(Stored entries)
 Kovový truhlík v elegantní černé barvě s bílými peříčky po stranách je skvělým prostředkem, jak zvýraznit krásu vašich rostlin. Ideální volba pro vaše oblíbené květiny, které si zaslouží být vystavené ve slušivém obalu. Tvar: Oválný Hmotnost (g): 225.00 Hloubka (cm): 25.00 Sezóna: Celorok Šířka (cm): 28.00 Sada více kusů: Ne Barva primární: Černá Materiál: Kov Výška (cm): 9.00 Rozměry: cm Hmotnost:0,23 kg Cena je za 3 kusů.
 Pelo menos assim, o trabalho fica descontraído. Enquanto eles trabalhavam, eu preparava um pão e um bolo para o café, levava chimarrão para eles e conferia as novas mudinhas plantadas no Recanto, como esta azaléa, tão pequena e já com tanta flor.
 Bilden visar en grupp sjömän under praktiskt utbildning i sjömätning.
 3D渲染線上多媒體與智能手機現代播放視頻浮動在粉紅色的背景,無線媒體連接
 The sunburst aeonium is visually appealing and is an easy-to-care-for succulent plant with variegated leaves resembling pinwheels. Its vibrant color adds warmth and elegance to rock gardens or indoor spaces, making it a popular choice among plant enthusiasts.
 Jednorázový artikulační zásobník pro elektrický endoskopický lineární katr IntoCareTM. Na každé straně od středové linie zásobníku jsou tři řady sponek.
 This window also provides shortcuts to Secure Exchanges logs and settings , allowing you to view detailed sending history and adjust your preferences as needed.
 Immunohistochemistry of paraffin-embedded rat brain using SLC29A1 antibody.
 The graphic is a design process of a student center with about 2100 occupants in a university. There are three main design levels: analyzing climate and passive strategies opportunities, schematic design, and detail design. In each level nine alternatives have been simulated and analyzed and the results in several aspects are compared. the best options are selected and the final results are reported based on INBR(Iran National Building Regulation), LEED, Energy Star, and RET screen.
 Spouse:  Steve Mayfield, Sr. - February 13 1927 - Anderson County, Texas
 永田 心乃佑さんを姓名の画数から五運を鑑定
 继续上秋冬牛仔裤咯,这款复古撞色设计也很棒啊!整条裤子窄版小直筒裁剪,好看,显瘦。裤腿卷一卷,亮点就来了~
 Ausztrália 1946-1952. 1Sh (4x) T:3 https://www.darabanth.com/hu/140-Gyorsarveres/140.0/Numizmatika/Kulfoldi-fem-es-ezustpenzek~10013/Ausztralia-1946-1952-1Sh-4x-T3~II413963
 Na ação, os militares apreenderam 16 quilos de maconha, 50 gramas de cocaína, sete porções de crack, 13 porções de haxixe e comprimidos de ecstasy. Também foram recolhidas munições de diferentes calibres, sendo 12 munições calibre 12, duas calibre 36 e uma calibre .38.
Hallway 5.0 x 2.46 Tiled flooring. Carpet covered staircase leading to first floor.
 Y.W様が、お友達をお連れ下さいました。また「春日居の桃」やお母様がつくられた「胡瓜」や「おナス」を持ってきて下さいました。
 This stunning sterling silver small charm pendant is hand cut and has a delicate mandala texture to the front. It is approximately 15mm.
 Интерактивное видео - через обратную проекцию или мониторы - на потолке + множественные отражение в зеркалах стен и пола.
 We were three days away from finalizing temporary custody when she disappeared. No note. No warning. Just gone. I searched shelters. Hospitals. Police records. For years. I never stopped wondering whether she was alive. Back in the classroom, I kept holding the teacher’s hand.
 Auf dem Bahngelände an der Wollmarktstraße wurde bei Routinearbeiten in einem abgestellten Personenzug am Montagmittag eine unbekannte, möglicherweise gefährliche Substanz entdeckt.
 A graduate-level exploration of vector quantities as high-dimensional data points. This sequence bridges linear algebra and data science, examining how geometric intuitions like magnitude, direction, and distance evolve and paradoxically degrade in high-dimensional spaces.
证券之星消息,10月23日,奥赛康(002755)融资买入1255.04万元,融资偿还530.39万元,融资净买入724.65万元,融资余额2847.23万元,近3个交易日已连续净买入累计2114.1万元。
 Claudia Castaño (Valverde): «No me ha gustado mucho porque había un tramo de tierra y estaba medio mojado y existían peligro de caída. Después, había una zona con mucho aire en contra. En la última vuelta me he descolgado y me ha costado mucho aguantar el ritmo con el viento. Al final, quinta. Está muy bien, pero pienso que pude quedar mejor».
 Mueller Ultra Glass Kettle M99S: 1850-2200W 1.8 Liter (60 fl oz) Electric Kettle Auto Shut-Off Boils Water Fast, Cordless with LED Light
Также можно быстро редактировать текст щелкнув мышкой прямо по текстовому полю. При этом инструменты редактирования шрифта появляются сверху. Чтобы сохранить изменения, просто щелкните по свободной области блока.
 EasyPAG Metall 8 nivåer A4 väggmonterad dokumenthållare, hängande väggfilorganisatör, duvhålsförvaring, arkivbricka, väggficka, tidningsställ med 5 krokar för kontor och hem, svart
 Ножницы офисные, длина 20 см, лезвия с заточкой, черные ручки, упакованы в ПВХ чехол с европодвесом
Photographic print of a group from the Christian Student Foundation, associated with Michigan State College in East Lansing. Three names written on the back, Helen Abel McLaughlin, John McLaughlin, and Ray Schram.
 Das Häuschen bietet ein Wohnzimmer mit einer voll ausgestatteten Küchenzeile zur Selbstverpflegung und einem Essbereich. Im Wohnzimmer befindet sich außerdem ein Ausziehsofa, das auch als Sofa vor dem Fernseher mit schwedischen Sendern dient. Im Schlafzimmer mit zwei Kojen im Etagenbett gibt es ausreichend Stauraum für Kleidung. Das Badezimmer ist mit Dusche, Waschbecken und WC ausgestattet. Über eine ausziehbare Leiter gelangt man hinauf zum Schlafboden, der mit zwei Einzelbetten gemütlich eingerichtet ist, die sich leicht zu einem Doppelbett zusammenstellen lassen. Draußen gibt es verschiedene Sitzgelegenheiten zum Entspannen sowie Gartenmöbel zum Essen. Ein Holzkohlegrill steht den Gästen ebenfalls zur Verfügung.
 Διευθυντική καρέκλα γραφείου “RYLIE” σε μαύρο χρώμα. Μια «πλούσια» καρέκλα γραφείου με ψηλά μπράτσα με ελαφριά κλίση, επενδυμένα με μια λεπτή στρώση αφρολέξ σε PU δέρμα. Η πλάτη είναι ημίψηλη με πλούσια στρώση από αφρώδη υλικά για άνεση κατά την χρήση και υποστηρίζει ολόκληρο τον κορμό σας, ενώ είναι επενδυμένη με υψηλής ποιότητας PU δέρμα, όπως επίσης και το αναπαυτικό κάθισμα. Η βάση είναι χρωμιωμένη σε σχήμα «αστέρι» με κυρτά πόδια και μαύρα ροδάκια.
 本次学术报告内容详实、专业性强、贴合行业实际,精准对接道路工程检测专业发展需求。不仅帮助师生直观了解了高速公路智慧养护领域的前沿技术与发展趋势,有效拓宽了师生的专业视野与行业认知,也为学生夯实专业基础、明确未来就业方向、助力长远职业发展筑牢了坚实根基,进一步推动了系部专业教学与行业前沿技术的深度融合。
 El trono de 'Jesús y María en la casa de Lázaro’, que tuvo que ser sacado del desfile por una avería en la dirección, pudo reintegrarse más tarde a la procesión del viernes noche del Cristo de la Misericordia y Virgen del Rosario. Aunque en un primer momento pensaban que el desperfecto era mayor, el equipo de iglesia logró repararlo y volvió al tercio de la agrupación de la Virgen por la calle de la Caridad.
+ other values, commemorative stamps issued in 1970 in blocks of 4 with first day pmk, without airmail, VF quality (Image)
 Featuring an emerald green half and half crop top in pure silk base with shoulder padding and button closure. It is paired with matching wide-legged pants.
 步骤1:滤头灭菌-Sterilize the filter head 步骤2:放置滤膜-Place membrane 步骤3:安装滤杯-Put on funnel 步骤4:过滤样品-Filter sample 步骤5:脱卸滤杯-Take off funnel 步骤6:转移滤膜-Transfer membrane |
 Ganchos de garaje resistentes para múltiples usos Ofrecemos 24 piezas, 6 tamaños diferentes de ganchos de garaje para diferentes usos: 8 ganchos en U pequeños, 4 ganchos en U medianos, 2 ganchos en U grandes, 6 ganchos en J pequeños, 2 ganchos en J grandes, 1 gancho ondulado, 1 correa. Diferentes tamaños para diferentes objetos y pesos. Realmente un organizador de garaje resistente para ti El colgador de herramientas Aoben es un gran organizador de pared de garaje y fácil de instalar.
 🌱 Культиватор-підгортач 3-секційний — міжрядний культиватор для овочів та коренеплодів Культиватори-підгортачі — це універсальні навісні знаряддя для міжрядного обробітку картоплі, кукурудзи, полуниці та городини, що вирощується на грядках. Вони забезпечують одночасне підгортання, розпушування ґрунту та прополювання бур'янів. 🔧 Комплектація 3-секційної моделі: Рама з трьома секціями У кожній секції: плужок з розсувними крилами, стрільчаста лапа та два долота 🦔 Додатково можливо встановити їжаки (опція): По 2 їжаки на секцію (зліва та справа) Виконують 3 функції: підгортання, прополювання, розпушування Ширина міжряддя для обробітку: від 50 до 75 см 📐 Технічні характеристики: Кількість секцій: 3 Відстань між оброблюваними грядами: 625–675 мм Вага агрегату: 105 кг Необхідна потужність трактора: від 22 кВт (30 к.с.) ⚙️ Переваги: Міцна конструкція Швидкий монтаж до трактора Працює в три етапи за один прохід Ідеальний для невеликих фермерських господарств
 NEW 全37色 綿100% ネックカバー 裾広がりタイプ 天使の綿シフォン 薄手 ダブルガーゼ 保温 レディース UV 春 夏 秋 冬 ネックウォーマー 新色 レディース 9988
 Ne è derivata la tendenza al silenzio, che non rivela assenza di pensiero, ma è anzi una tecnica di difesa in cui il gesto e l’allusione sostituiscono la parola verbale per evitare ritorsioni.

## EXERCISE OBJECTIVE
Above are the records. Print exactly, and only, the lines from the line with "Pelo menos assim, o" to the line with "Jednorázový artikulační zásobník", both inclusive.

## COMPLETED TASK
 Pelo menos assim, o trabalho fica descontraído. Enquanto eles trabalhavam, eu preparava um pão e um bolo para o café, levava chimarrão para eles e conferia as novas mudinhas plantadas no Recanto, como esta azaléa, tão pequena e já com tanta flor.
 Bilden visar en grupp sjömän under praktiskt utbildning i sjömätning.
 3D渲染線上多媒體與智能手機現代播放視頻浮動在粉紅色的背景,無線媒體連接
 The sunburst aeonium is visually appealing and is an easy-to-care-for succulent plant with variegated leaves resembling pinwheels. Its vibrant color adds warmth and elegance to rock gardens or indoor spaces, making it a popular choice among plant enthusiasts.
 Jednorázový artikulační zásobník pro elektrický endoskopický lineární katr IntoCareTM. Na každé straně od středové linie zásobníku jsou tři řady sponek.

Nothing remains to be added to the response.